(Juan 1, 1-18) Puedes creer en Dios o no. No trato de convencerte.
Puedes pensar que el orden y la armonía de nuestro mundo, y que la humanidad de nuestra vida –más evidentemente necesaria ante los acontecimientos de violencia e injusticia que vivimos—son obras del mero azar, o de Algo que así lo ha creado. Piénsalo.

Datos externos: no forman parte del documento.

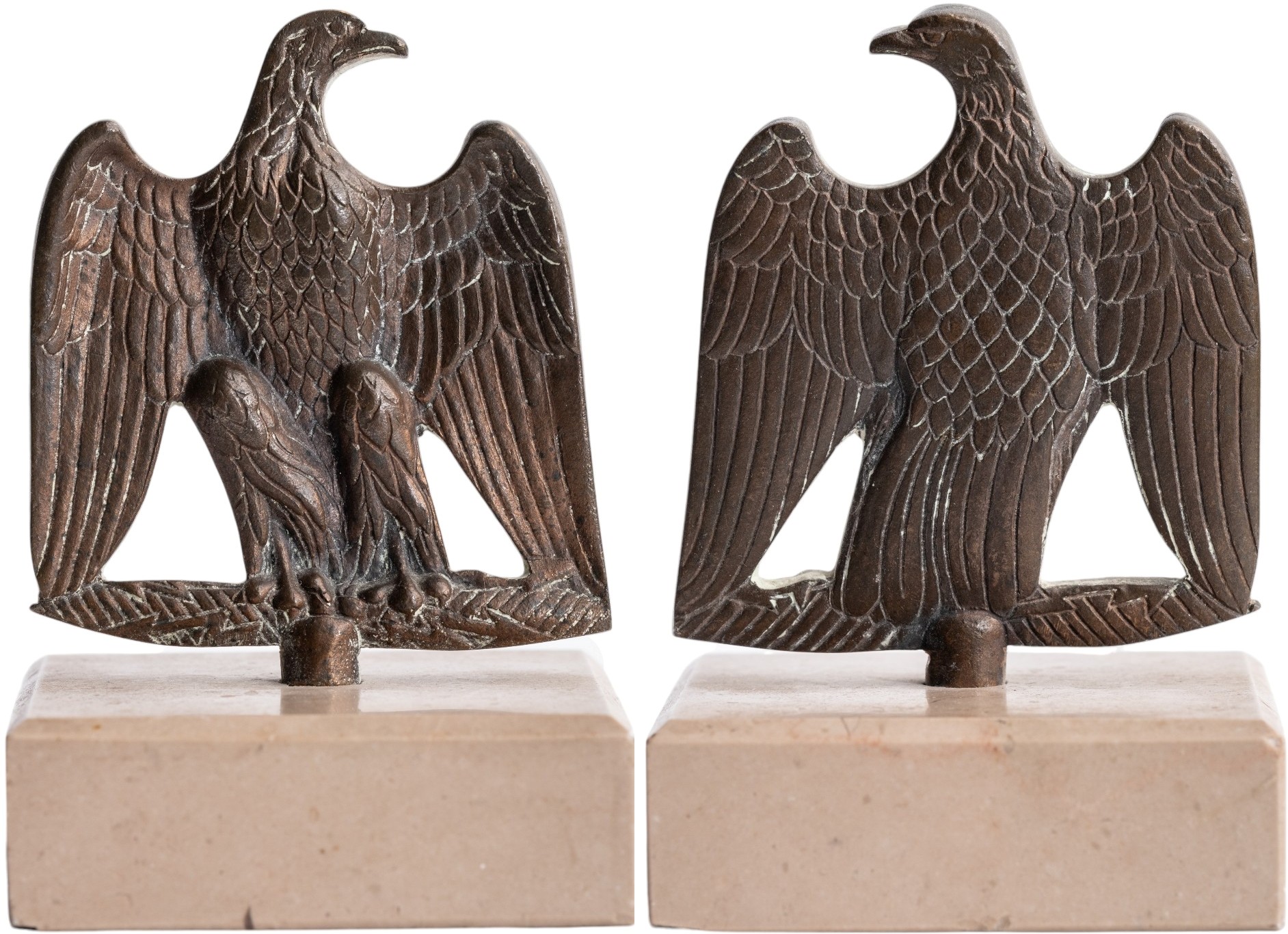 SKU: 750 Auction has finished. Total bids: 0DECORATIVE ARTS - BRONZE STATUES - FRANCEImperial Napoleonic Eagle on stand in bronze. Dim.: 60x57 mm. Perfect condition and attractive! Shop ID: 69,361Auction LXIX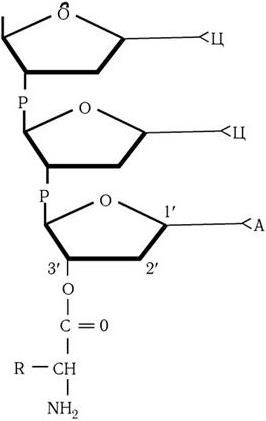 1. С помощью специального фермента (аминоацил-тРНК-синтетазы) тРНК присоединяет на одном из своих концов соответствующую аминокислоту, в результате чего возникает лабильное соединение – аминоацил-тРНК (аа-тРНК) – акцепторная функция тРНК.
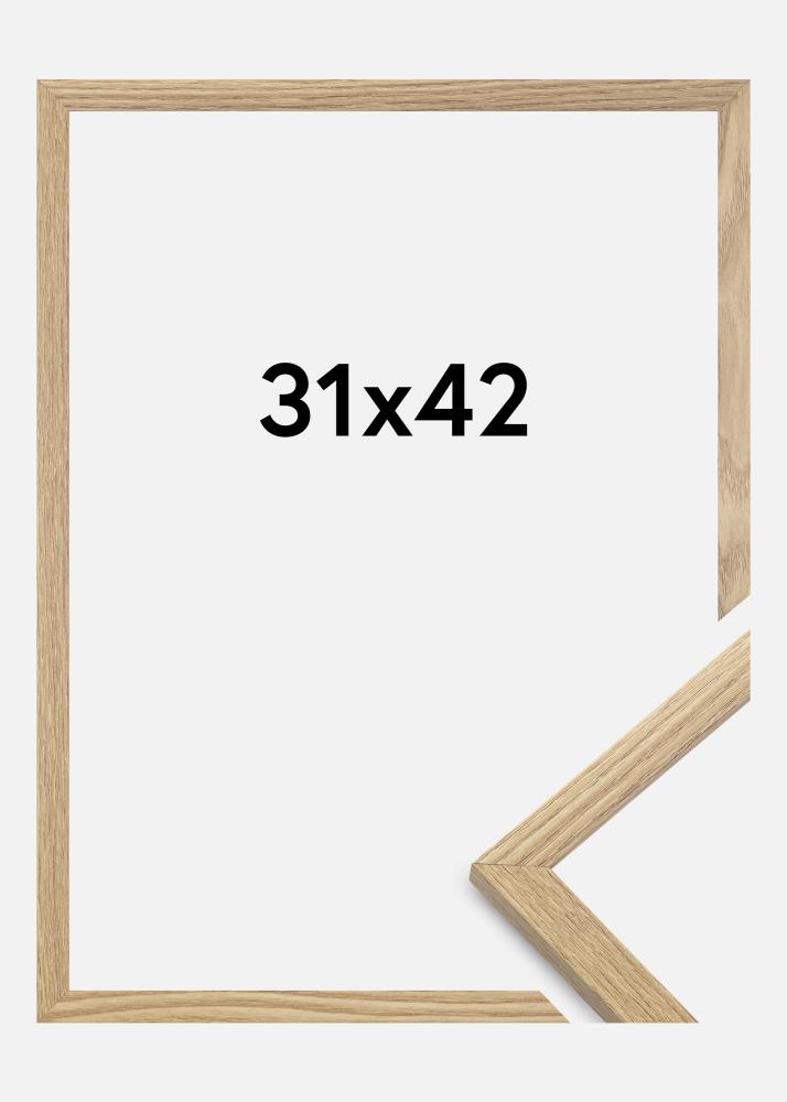 Rama este realizată din MDF cu o suprafață de culoare stejar și are un profil subțire de 14 mm. Există mult spațiu pentru a completa imaginile tale cu un passepartout de lux, datorită adâncimii interioare a ramei (adâncimea fantei) de 12 mm.

Puedes creer que ese Algo es una Causa Primera a quien los problemas de los hombres y mujeres de nuestro mundo deja frío, o creer que el diálogo íntimo que vives en tu corazón no es mero monólogo, sino algo parecido a un diálogo con quien te entiende, con quien te anima, con quien nunca se deja chantajear ni engañar. Puedes creer que Dios es Padre o Causa
Primera; piénsalo.
Puedes pensar que una vez que esta vida se ha acabado ya dejamos de existir para Dios y para los hombres. O que si el corazón del hombre, voluble y egoísta, no olvida a quién amo, cómo va a abandonar en la nada a los hijos que con tanto cariño escuchó, animó, corrigió y fue conduciendo en la vida. Piénsalo.
¿Pero que ese Dios Padre ha querido tanto a la humanidad que se ha hecho hombre para conmover nuestro corazón, para salvarnos desde nuestra libertad, para suscitar en nosotros la ternura y la bondad que nos convierten en seres humanos? ¿Creer que Dios se hace un niño…? Eso es absurdo.
¿Se enamora un científico de una fórmula matemática? Creo, porque es absurdo.